Audio Transport and System Control
SoundGrid is a proprietary Ethernet Layer 2 protocol and EtherType. Audio is transported and routed between networked I/O devices and is processed on Plugin Servers connected to the same network. The I/O device converts SoundGrid packets to standard and proprietary audio protocol schemes.
Taking advantage of today’s extraordinary CPU power and the memory capabilities of Native processing, SoundGrid runs on standard CPUs under custom optimized Linux OS, resulting in predictability, stability, and low latency that was previously exclusive to dedicated DSP-based systems. Consequently, SoundGrid can run large numbers of Waves plugins, as well as extremely CPU-intensive plugins that are beyond the capabilities of DSP-based systems.
Separate computers form the basis of the SoundGrid processing ability:
- SoundGrid Server(s), CPUs dedicated exclusively to audio processing running a customized Linux OS that is optimized for audio processing.
- SoundGrid Host, a standard Windows or Mac computer that runs the SoundGrid host application and GUI functions.
This division of labor between the audio processing CPUs and the host application CPUs is the key to the high performance, stability, and low latency achieved by SoundGrid.
Audio is interfaced with SoundGrid by integrating a SoundGrid-programmed FPGA (Xilinx Spartan 3) into a mixing console’s I/O ports. The FPGA receives I2S or other audio signal formats and converts them to the SoundGrid format. The FPGA is also used to transfer control messages between control nodes external to the SoundGrid network and the SoundGrid control application.
SoundGrid audio processing, connections, system configuration and monitoring are controlled by the MultiRack SoundGrid control application, which runs on standard Windows and Mac computers, including embedded systems. MultiRack SoundGrid displays rows of virtual plugin chains, named Racks, each of which chains up to eight Waves plugins. A Rack processes audio coming from a user-selected input and sends the processed output to a user-selected output. MultiRack SoundGrid offers remote parameter control and navigation over MIDI, or over an inter-application API by integration with the console’s host application.

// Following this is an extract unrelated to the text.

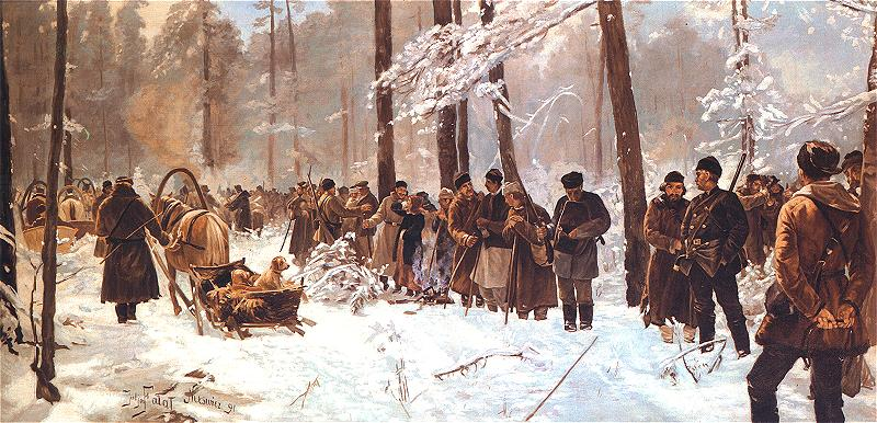 Hunting in Nieśwież, watercolor, 83 x 116 cm, The National Museum in Warsaw

System configuration data is part of the SoundGrid protocol, allowing the user to:
- Connect and route audio between system components
- Configure I/O devices
- Configure Plugin Servers
- Set system sample rate, block size, and latency
- Monitor and control system and component status
- Set redundancy and recovery modes
SoundGrid systems can be easily configured for optimal effectiveness per channel-count, processing capabilities, routing, and sample rate, and are easily scaled and expanded by adding I/O or processing devices as required.